Though = aunque, si bien (más informal)

Aunque word reference hace hincapié en estos aspectos y sabiendo ya de antemano su significado, siempre me ha costado saber cuál escoger como más apropiado.
¿¿En que casos utilizarías uno u otro??


----------



## belén

Hola, Marcus:

Aun como  "no nativa" te cuento mis impresiones:

Although = nuestro "aunque"
Even though = lo uso cuando tengo que decir algo del estilo de "a pesar de que"
Though = although

Esperemos igual la opinión de los nativos.  Un saludo.


----------



## Misao

Marcus said:
			
		

> Although = aunque (más formal)
> Even though = aunque (más enfático)
> Though = aunque, si bién (más informal)
> 
> Aún y que word reference hace hincapié en estos aspectos y sabiendo ya de antemano su significado, siempre me ha costado saber cuál escoger como más apropiado.
> En que casos utilizarías uno u otro??


 

Marcus, espero que no te importe, te he corregido una pequeña falta de ortografía, pero es que por ese mismo fallo suspendí un examen que tenía aprobado con 8,5 y cada vez que lo veo, se me revuelven las tripas.

Con respecto a tu pregunta. Yo siempre acabo utilizando "although" y "even though" si es más enfático. "Though" lo utilizo muy pocas veces en lenguaje escrito, más cuando hablo, por economía del lenguaje, ya sabes.

Besos!


----------



## Marcus

Gracias por estar tan al loro.


----------



## elroy

Buena pregunta.

Lo que pasa es que son sinónimos, y el uso dependerá del estilo del escritor/del hablante.  Sin embargo, te describo las tendencias:

AL ESCRIBIR:

-Cuando la frase se empieza por la parte "contradictoria," digamos, se suele empezar por "although."

*Although * he was sick, he went to the baseball game.
*Although * he is rich, he does not spend a lot of money.

-Cuando la idea "contradictoria" viene después, se suele usar "even though."

He went to the baseball game, *even though * he was sick.
He does not spend a lot of money, *even though * he is rich.

-"Though" suena muy formal y elegante, un poco poético.

Yea, *though * I walk through the valley of the shadow of death, I will fear no evil, for thou art with me. (from the Bible)
*Though * many problems buffet me, I will remain strong.

AL HABLAR:

-Lo más común al hablar es "even though."

*Even though * he was sick, he went to the baseball game.
*Even though* he is rich, he does not spend a lot of money.
He went to the baseball game, *even though * he was sick.
He does not spend a lot of money, *even though* he is rich. 

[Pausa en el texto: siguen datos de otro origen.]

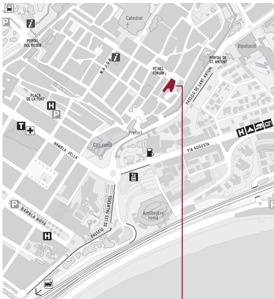
Catalan Institute of Classical Archaeology (ICAC)
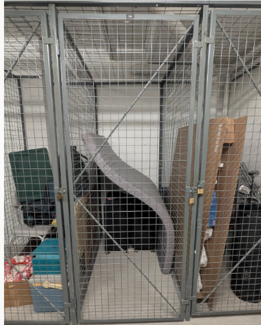
1 Locker Level P2 #105 H 7'4" x W 2'8" x D 5'3" Ft (Approx)

-Sin embargo, "although" se usa cuando se quiere introducir una contradicción pero se piensa antes.  Por ejemplo:

I think I'll go to the game with you.  *Although*....[thinking] I _am _ pretty tired.
I think she's a pretty nice girl.  *Although*...she _was _ pretty rude to her mom the othe day.

Eso correponde un poco al "si bien" castellano.

-"Though" no se usa casi nunca al hablar - para introducir tales claúsulas, quiero decir.  Se usa mucha como adverbio al final de una claúsula contradictoria.

He was sick.  He went to the baseball game, *though*.
He is very rich.  He doesn't spend a lot of money, *though*. 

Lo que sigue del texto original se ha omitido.